The above sentence is an excerpt from the preamble to the Income Tax Law (UU PPh) Number 7 of 1983, which came into effect on January 1, 1984. Notably, 1983 was a significant milestone in the history of tax reform in Indonesia, as it also saw the promulgation of two other key statutory provisions: Law No. 6 of 1983 concerning General Provisions and Tax Procedures (UU KUP) and Law No. 8 of 1983 concerning Value Added Tax and Sales Tax on Luxury Goods (VAT and PPnBM Law).
Until the fourth amendment to the Income Tax Law, regulated by Law Number 36 of 2008, the considerations mentioned above remained largely unchanged, with the only modification being their relocation to the general explanation section. What we need to emphasize from the initial quote is that, from the very beginning, the government and parliament have mutually agreed to regard taxes as a crucial instrument in national development.
However, four decades after the promulgation of the regulation, our tax base remains relatively weak. While the tax-to-GDP ratio (tax ratio) in developed countries averaged 34 percent in 2022 (OECD, 2023a), Indonesia’s tax ratio is still around 10.9 percent (OECD, 2023b). This ratio is even lower than that of other developing countries in the region, such as Fiji (15.1 percent) and Papua New Guinea (12.1 percent).
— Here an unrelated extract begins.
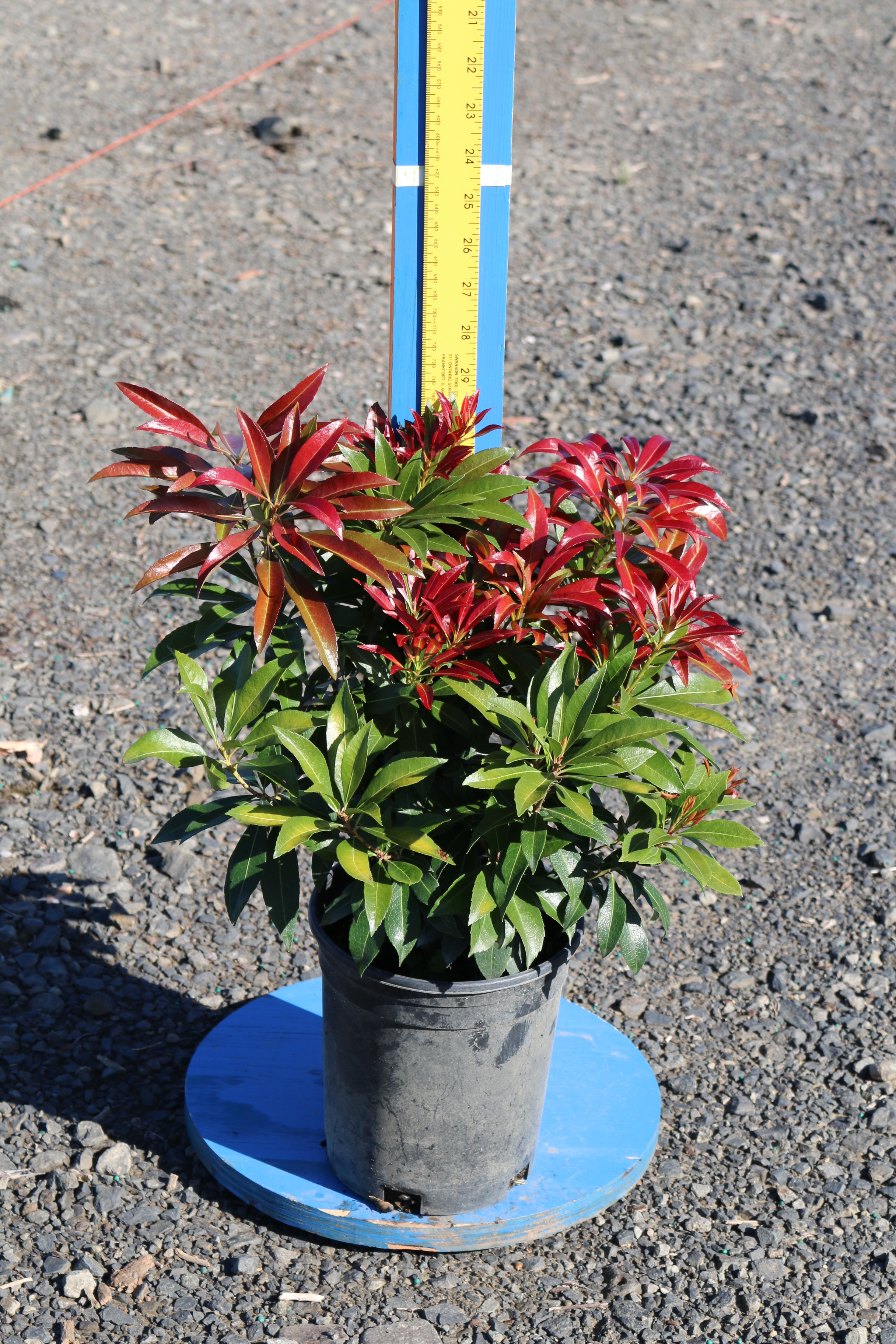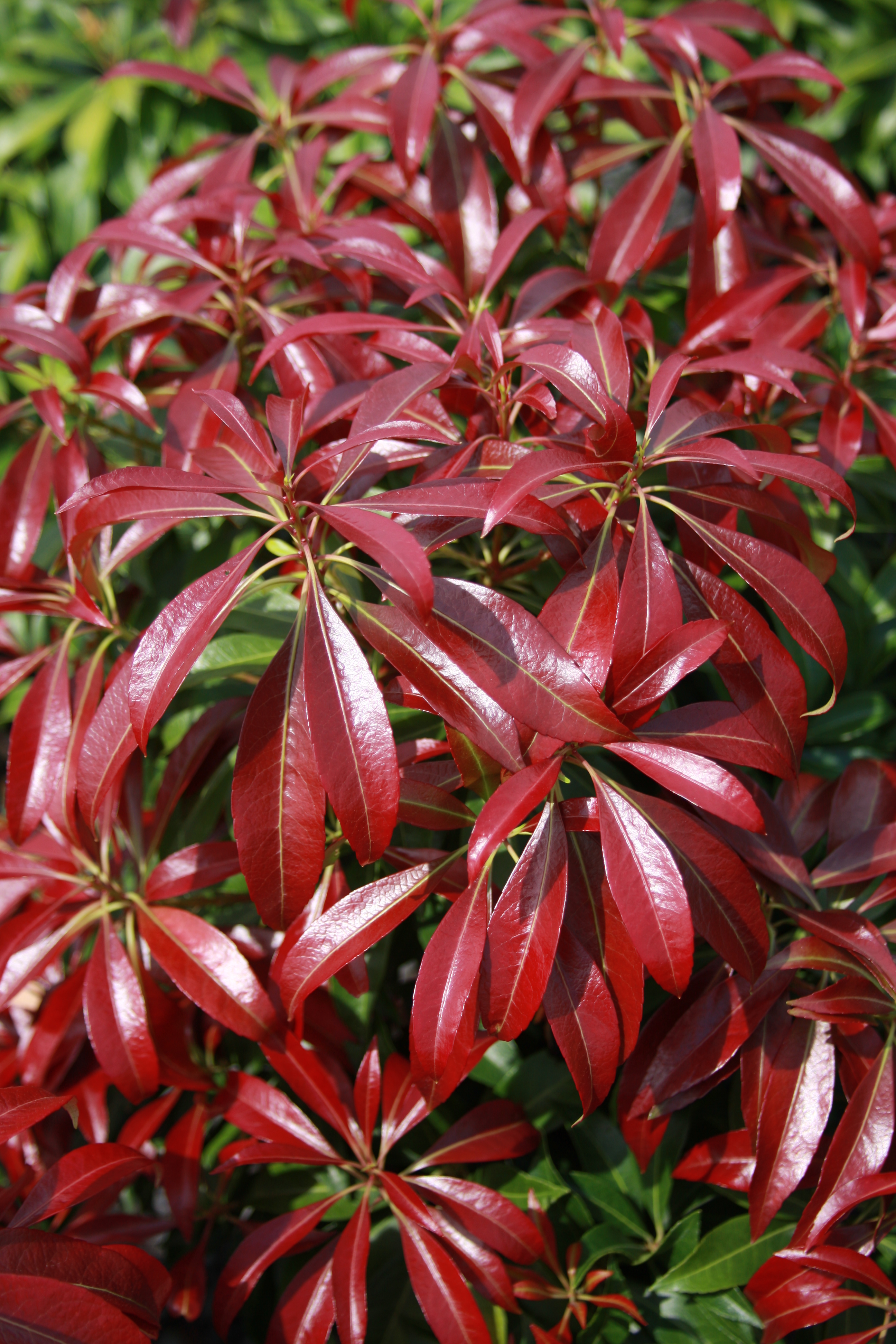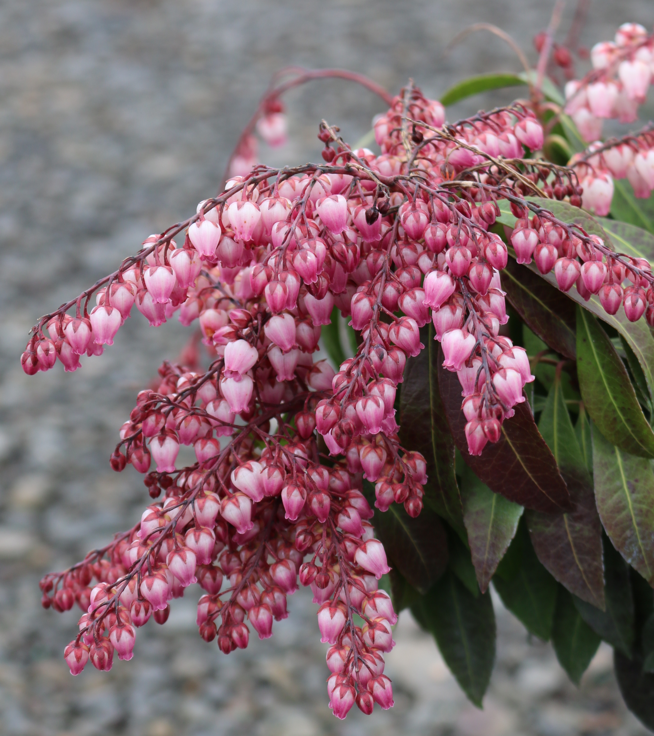 A rounded shrub with large glossy foliage that is a striking wine red when young. The leaves age to dark green. The drooping clusters of early spring flowers are rose-pink. Takes full sun to part shade, but needs cool, moist soil. Use in the shrub border, as an informal hedge, or as a specimen. PP 15,452.

The question then is, what factors contribute to our low tax ratio? Despite growing awareness of tax obligations, compliance remains an issue.
This is evident from common arguments within society, such as:
“My neighbors don’t pay taxes either, so why should I?”
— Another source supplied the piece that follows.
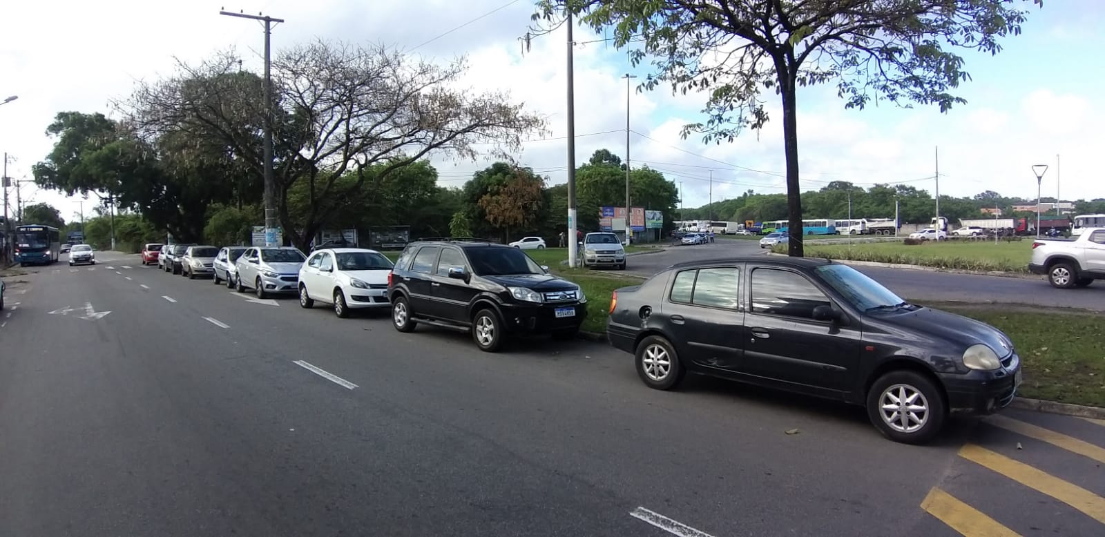 Veja algumas fotos do congestionamento causado pelos veículos que precisam entrar na empresa:

“Ah, it’ll just end up being embezzled!”, and so on.
In these circumstances, the government must build trust by consistently demonstrating that the taxes collected are genuinely used for the benefit of the broader community.
There needs to be ongoing engagement between citizens and the relevant authorities to overcome reluctance to pay taxes.
Taxes are fundamentally the result and embodiment of the social contract between the state and its citizens. If the state fails to provide services or meet basic needs in return for the taxes it collects, citizens will begin or continue to evade taxes.
This perspective does not align with the classical paradigm of taxation in our system. According to Article 1, number 1 of the KUP Law, taxes in this classical paradigm are still viewed as something coercive, without providing direct rewards to the taxpayers.
Therefore, a paradigm shift is necessary in redefining taxation within a contemporary framework (Rosdiana & Irianto, 2018). Among these shifts is the idea that taxes must contribute to the community, prioritizing the direct benefits that taxpayers experience. The discourse of increasing officials’ salaries under the pretext of reducing corruption, which has gained traction recently, is actually contradictory to this paradigm.
Following the paradigm shift, it is imperative to develop the concept of tax democratization, considering the heightened public awareness leading to increased demands for transparency in tax administration (Rosdiana & Irianto, 2018).
Transparency in tax fund management is an integral aspect of citizens’ rights, as they entrust part of their wealth to the government. As stated in our Income Tax Law, paid taxes play a crucial role in national development, and citizens must ensure that this role is effectively realized in government programs.
In the perception of citizens in general, trust that tax allocations are appropriately distributed for the common welfare needs to be strengthened through the government’s consistent efforts to provide transparency. Through this process, the mutual trust built between the government and citizens will position taxes as a stable democratic instrument.
This can be illustrated, for example, by optimizing the government’s role in providing the best services for citizens. From a citizen’s perspective, paying taxes entitles them to full rights, including determining who is worthy of representing them in government and parliament (Aronson, 1985).